Asia report: Markets mixed as RBA opens door to interest rate movement
Markets in Asia finished in a mixed state, as investors digested freshly-released minutes from the Reserve Bank of Australia which suggested the central bank was willing to adjust interest rates if economic conditions required it.
In Japan, the Nikkei 225 was down 0.69% at 21,535.25, as the yen weakened 0.04% against the dollar to last trade at JPY 107.95.
Of the major components on the benchmark index, automation specialist Fanuc was down 1.51%, fashion firm Fast Retailing lost 0.49%, and technology conglomerate SoftBank Corporation slid 1.2%.
The broader Topix index fell 0.48% to end its trading day at 1,568.74, as Tokyo’s markets returned from a public holiday on Monday.
On the mainland, the Shanghai Composite lost 0.16% to 2,937.62, and the smaller, technology-heavy Shenzhen Composite slipped just 0.03% to settle at 1,571.81.
South Korea’s Kospi was ahead 0.45% at 2,091.87, while the Hang Seng Index in Hong Kong rose 0.23% to 28,619.62.
The blue-chip technology stocks were mixed in Seoul, with Samsung Electronics up 0.86% and chipmaker SK Hynix down 0.13%.
Leading the business pages on the Korean peninsula was Bank of America Merrill Lynch’s South Korean branch, which was told it was being fined KRW 175m ($0.15m) by the Korea Exchange for irregular trading.
Oil prices were higher as the region went to bed, with Brent crude last up 0.33% at $66.70 per barrel, and West Texas Intermediate rising 0.35% to $59.79.
In Australia, the S&P/ASX 200 slipped 0.18% to close at 6,641.00.
Major miner Rio Tinto was down 0.64% in Sydney trading, after the company reported a delay and a cost blowout at its underground copper mine in Mongolia.
The firm also said iron ore shipments were down 3.5% in the second quarter, which it put down to cyclone-related disruptions earlier in the year.
During the Sydney session, the Reserve Bank of Australia released the minutes of its monetary policy meeting in July, which showed it was prepared to move on interest rates if necessary.

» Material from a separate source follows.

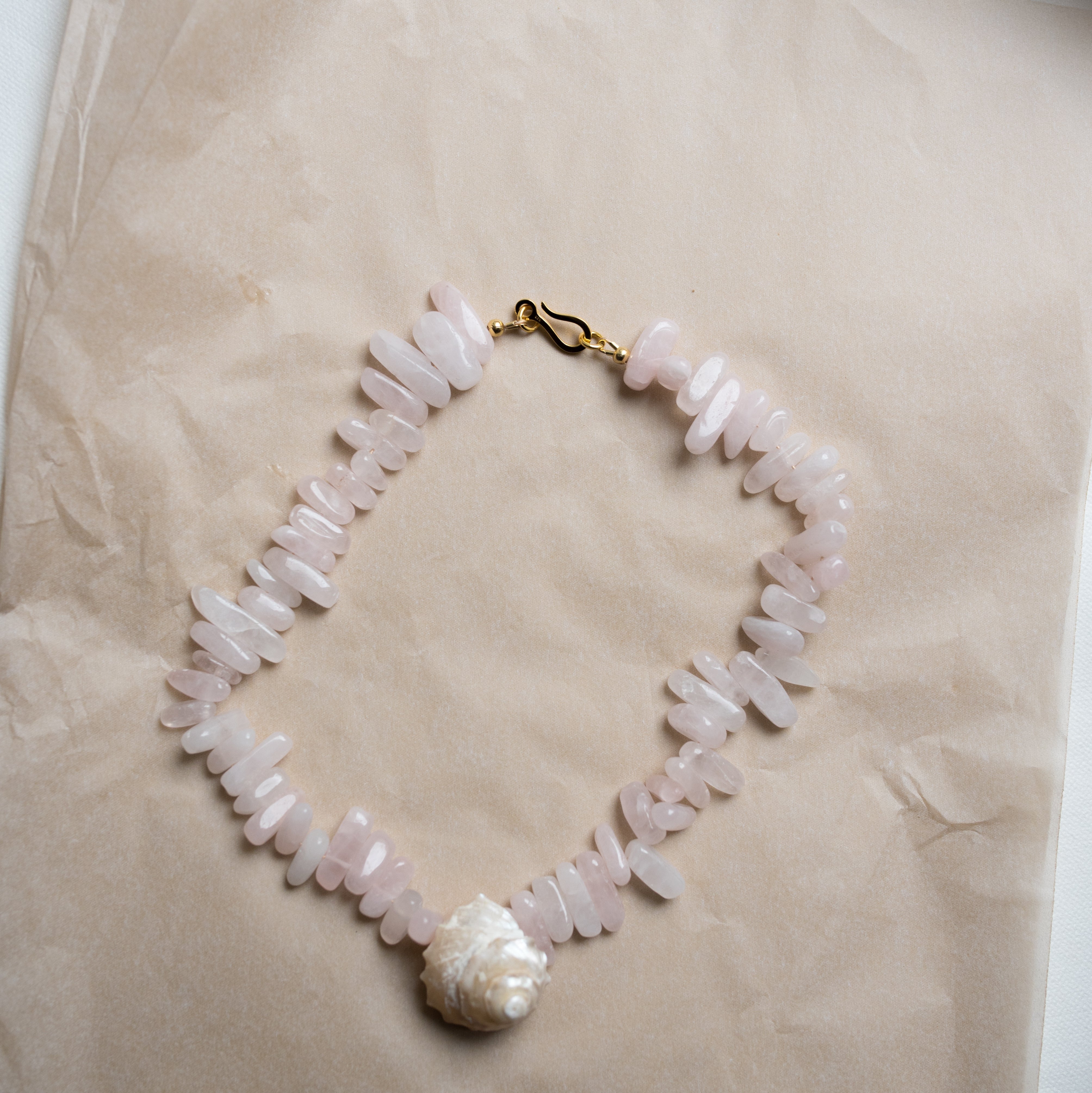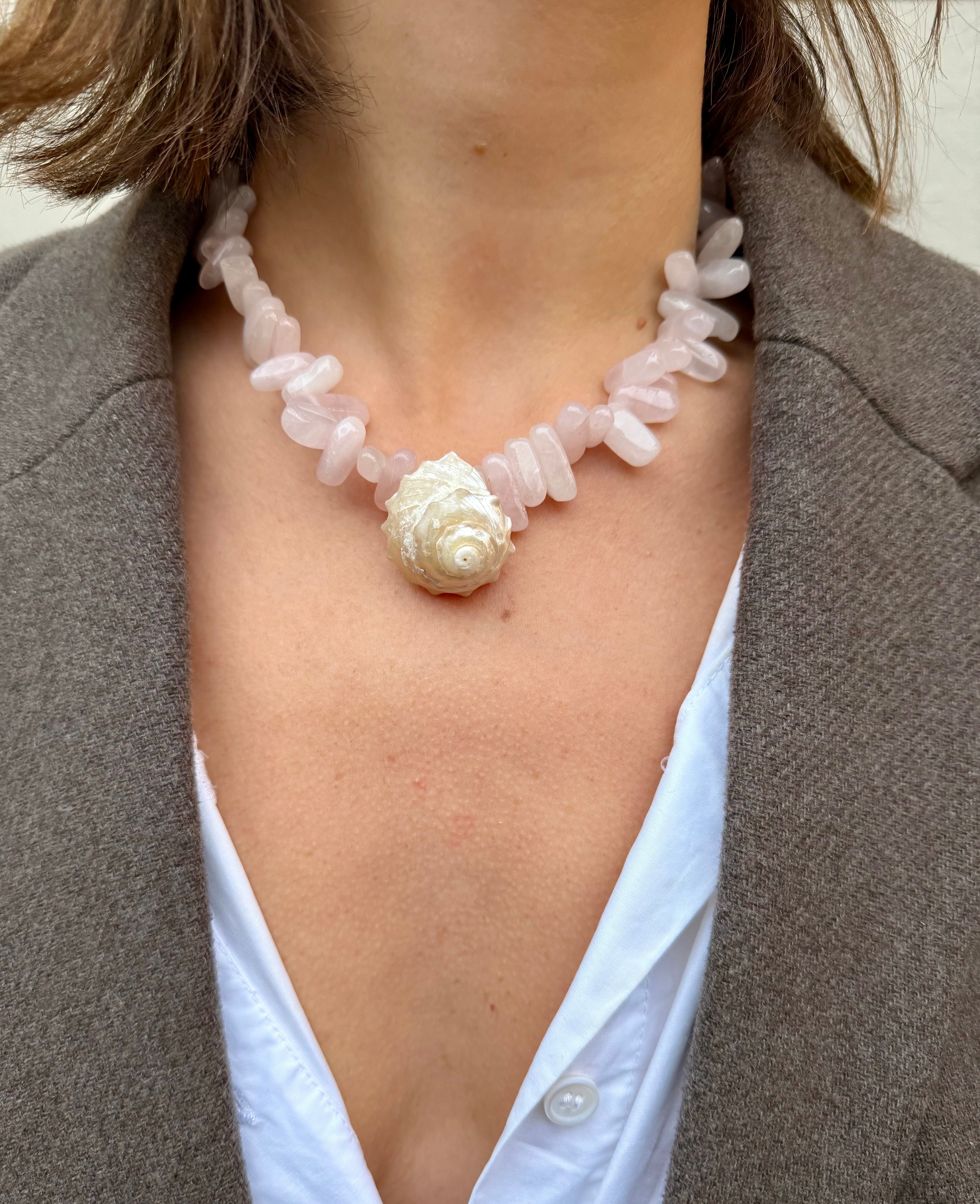 Ein Stück voller Sanftheit und Ausdruck – die Rose Quartz Necklace vereint zartroséfarbene Rosenquarz-Steine mit einer echten Muschel als Detail.

“The board would continue to monitor developments in the labour market closely and adjust monetary policy if needed to support sustainable growth in the economy and the achievement of the inflation target over time,” the minutes read.
“Lower interest rates would provide more Australians with jobs and assist with achieving more assured progress towards the inflation target.”
London Capital Group senior market analyst Ipek Ozkardeskaya said the RBA would be watching developments in China carefully, given the close ties between the two economies.
“Stocks in Australia treaded water, even though the Reserve Bank of Australia meeting minutes showed that policymakers are ready to pull the interest rates lower to boost growth as the slowdown in China, Australia’s largest trading partner, weighs on its economy.”
Across the Tasman Sea, New Zealand’s S&P/NZX 50 was down 0.1% at 10,651.20, led lower by airport operator AIAL, which was off 2.3%.
Both of the down under dollars were weaker on the greenback, with the Aussie last off 0.21% at AUD 1.4236, and the Kiwi retreating 0.02% to NZD 1.4886.